TASK:
With both ends included, repeat exactly the lines of the entries below from the one containing "民國(guó)《東莞縣志》記" down to the one containing "グレー ユニーク・アイテムのアート:サングラス、ノート、鉛筆& iPhone", and no others.

Collection entries:
=======

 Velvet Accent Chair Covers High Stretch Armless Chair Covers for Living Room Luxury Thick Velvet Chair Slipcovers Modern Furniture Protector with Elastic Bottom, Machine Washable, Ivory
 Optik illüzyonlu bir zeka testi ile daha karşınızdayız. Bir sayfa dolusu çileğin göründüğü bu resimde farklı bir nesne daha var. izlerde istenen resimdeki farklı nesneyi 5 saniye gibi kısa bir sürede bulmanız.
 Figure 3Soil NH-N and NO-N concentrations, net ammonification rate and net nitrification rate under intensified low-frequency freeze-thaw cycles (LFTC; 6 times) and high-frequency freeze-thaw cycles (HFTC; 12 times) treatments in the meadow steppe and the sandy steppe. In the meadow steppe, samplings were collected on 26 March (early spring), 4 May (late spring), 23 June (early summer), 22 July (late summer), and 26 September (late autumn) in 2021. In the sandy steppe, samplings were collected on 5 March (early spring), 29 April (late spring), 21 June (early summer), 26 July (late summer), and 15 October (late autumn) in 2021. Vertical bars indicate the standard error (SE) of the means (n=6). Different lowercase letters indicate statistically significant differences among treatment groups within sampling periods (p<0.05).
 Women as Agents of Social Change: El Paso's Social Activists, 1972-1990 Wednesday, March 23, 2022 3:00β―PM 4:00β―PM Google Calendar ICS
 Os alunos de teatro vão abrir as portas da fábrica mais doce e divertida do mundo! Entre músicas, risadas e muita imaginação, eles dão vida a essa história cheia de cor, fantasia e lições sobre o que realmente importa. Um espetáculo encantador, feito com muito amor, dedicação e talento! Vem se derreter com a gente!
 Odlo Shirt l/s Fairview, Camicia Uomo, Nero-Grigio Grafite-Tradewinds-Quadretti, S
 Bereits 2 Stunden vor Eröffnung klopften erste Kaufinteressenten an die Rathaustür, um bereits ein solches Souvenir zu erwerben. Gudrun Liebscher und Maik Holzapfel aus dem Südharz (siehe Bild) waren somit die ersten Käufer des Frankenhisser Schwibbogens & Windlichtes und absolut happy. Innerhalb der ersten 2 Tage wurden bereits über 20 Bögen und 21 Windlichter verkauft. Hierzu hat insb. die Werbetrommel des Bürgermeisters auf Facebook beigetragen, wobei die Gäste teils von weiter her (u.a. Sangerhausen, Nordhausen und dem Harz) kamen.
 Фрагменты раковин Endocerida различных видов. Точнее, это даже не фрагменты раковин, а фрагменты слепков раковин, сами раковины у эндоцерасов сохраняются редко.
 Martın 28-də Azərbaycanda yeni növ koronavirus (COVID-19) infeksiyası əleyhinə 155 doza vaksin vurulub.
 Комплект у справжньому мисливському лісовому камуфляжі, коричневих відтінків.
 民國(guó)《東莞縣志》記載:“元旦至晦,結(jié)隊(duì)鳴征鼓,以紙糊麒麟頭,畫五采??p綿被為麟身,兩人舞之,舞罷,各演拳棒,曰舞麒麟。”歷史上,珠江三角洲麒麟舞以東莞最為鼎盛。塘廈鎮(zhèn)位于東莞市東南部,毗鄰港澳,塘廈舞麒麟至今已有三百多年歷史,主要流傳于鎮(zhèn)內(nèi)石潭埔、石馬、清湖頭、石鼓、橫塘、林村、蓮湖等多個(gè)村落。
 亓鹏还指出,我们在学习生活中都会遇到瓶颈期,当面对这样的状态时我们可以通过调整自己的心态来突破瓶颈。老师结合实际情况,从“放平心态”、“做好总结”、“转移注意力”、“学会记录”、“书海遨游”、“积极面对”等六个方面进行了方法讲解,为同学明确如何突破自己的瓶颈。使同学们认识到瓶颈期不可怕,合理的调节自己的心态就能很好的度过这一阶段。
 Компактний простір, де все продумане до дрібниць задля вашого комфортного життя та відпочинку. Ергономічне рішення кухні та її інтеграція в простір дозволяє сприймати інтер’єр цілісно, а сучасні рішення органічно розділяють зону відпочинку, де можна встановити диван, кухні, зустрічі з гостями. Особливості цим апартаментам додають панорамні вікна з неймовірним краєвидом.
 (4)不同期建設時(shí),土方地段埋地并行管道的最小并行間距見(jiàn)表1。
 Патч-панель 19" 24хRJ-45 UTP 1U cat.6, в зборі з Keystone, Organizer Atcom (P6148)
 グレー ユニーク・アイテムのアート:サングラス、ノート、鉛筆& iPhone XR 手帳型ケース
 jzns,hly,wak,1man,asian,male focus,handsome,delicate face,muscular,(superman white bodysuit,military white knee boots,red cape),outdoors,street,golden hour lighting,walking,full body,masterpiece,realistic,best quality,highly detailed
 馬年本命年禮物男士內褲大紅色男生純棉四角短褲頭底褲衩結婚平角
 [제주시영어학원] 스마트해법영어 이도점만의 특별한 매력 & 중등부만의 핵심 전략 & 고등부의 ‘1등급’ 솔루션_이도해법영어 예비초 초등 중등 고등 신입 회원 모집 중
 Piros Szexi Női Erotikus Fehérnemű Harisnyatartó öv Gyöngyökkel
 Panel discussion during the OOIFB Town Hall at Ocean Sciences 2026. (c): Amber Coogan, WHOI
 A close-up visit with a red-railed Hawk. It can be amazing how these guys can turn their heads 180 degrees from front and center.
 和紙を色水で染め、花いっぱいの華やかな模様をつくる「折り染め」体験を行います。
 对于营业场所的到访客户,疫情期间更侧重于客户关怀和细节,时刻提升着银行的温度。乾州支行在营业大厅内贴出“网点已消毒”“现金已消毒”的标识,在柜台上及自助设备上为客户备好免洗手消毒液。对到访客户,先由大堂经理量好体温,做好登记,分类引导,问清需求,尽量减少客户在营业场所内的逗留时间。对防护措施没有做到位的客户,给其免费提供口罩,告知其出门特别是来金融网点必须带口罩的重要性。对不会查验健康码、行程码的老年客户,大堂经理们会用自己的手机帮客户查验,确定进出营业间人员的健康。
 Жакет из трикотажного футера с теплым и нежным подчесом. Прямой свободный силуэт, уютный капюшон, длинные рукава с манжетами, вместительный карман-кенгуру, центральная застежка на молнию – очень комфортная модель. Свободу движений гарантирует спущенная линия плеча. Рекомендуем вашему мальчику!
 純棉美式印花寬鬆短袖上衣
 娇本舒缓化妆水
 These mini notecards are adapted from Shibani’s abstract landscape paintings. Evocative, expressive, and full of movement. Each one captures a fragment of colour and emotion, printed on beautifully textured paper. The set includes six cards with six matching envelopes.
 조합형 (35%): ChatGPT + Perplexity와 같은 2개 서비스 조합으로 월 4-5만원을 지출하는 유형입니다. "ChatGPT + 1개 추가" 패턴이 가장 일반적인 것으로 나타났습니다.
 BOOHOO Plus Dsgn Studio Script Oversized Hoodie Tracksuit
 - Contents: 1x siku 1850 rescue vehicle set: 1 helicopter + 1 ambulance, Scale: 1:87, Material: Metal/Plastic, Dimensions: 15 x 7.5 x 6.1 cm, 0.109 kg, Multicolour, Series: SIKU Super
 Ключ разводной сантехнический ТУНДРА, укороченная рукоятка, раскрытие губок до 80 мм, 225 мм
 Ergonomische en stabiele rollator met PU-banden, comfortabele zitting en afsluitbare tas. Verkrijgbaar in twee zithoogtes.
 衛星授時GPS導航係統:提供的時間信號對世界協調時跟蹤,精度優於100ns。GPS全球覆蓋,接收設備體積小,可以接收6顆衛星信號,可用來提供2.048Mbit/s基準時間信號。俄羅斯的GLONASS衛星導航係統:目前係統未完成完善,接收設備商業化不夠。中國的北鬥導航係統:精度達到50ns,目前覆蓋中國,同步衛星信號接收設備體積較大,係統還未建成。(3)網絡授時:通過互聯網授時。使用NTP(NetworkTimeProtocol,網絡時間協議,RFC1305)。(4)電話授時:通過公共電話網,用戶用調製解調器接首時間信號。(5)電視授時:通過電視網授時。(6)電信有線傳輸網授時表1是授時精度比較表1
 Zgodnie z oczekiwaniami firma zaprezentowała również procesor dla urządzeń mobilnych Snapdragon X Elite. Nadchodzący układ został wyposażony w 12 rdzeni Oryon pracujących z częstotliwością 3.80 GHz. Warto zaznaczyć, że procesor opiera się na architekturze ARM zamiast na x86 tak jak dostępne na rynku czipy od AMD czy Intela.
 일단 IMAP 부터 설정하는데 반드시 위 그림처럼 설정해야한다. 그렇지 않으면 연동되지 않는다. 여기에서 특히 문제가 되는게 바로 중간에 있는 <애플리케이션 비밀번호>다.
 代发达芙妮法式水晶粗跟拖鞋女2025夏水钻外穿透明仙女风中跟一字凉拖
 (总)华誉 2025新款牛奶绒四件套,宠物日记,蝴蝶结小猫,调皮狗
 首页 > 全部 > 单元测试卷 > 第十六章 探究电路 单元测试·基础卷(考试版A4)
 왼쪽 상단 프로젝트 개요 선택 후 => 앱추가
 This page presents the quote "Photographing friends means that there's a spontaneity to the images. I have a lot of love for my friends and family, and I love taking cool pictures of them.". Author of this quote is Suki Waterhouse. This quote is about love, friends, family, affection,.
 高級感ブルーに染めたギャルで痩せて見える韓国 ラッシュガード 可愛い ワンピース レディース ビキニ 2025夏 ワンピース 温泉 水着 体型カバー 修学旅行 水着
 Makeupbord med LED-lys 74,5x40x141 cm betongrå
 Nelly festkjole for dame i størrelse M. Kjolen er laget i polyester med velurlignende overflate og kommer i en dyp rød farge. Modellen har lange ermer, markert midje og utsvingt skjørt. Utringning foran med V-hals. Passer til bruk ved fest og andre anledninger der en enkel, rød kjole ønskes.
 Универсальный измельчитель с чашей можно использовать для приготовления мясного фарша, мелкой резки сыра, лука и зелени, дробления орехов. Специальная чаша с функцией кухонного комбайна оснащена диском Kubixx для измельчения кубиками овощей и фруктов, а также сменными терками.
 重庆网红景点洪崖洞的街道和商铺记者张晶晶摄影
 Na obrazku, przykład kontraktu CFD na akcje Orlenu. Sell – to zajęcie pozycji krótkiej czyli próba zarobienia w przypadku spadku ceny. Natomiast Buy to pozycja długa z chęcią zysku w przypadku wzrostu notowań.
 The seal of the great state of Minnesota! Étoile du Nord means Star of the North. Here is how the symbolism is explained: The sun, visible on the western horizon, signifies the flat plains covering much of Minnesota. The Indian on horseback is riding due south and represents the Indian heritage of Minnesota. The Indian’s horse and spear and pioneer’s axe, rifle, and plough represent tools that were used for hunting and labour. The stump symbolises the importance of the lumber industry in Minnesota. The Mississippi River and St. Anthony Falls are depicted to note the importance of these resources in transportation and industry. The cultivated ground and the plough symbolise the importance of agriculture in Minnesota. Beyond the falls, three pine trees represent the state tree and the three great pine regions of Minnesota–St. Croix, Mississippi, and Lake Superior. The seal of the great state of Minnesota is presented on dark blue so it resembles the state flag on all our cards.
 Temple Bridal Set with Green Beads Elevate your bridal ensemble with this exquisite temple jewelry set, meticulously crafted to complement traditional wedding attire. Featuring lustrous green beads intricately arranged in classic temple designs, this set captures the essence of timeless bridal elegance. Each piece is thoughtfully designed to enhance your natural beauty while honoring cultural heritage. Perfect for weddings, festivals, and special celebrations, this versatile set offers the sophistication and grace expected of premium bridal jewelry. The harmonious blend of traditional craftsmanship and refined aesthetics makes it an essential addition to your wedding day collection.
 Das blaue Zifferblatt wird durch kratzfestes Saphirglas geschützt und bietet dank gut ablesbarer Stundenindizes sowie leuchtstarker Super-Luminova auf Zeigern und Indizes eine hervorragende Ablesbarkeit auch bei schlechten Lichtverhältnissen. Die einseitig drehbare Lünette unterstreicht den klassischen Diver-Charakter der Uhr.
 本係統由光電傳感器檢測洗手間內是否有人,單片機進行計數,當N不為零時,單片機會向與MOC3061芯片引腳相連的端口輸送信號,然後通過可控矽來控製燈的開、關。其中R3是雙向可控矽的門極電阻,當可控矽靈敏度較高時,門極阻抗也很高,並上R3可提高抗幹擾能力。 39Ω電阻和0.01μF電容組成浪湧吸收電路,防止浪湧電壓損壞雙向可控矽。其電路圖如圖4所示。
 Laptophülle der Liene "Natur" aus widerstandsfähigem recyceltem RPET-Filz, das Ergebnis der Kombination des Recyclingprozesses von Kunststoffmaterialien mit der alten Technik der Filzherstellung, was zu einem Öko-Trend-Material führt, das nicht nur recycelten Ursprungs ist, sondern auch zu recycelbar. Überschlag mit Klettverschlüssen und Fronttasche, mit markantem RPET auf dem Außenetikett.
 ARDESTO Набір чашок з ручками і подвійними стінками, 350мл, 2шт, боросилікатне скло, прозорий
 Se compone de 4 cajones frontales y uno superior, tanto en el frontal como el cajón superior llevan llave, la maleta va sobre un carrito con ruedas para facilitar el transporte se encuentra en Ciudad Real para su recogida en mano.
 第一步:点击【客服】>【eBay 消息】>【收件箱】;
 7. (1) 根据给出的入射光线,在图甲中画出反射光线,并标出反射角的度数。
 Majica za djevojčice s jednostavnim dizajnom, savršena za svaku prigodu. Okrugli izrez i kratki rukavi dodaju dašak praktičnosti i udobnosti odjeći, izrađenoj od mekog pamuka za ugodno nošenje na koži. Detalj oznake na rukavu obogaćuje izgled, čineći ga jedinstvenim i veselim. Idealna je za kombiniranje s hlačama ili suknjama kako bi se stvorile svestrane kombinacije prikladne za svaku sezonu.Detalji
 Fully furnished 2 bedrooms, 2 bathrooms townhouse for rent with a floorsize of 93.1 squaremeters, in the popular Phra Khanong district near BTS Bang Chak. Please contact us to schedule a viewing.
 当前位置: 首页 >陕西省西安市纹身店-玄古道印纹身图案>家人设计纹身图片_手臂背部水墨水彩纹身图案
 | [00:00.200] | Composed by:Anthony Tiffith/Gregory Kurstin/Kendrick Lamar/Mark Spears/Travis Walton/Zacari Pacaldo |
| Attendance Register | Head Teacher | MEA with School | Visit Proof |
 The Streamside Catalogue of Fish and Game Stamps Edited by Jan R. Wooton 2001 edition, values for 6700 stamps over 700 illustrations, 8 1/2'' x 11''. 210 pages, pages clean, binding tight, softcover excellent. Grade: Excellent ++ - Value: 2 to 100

=======

RESPONSE BOX:
 民國(guó)《東莞縣志》記載:“元旦至晦,結(jié)隊(duì)鳴征鼓,以紙糊麒麟頭,畫五采??p綿被為麟身,兩人舞之,舞罷,各演拳棒,曰舞麒麟。”歷史上,珠江三角洲麒麟舞以東莞最為鼎盛。塘廈鎮(zhèn)位于東莞市東南部,毗鄰港澳,塘廈舞麒麟至今已有三百多年歷史,主要流傳于鎮(zhèn)內(nèi)石潭埔、石馬、清湖頭、石鼓、橫塘、林村、蓮湖等多個(gè)村落。
 亓鹏还指出,我们在学习生活中都会遇到瓶颈期,当面对这样的状态时我们可以通过调整自己的心态来突破瓶颈。老师结合实际情况,从“放平心态”、“做好总结”、“转移注意力”、“学会记录”、“书海遨游”、“积极面对”等六个方面进行了方法讲解,为同学明确如何突破自己的瓶颈。使同学们认识到瓶颈期不可怕,合理的调节自己的心态就能很好的度过这一阶段。
 Компактний простір, де все продумане до дрібниць задля вашого комфортного життя та відпочинку. Ергономічне рішення кухні та її інтеграція в простір дозволяє сприймати інтер’єр цілісно, а сучасні рішення органічно розділяють зону відпочинку, де можна встановити диван, кухні, зустрічі з гостями. Особливості цим апартаментам додають панорамні вікна з неймовірним краєвидом.
 (4)不同期建設時(shí),土方地段埋地并行管道的最小并行間距見(jiàn)表1。
 Патч-панель 19" 24хRJ-45 UTP 1U cat.6, в зборі з Keystone, Organizer Atcom (P6148)
 グレー ユニーク・アイテムのアート:サングラス、ノート、鉛筆& iPhone XR 手帳型ケース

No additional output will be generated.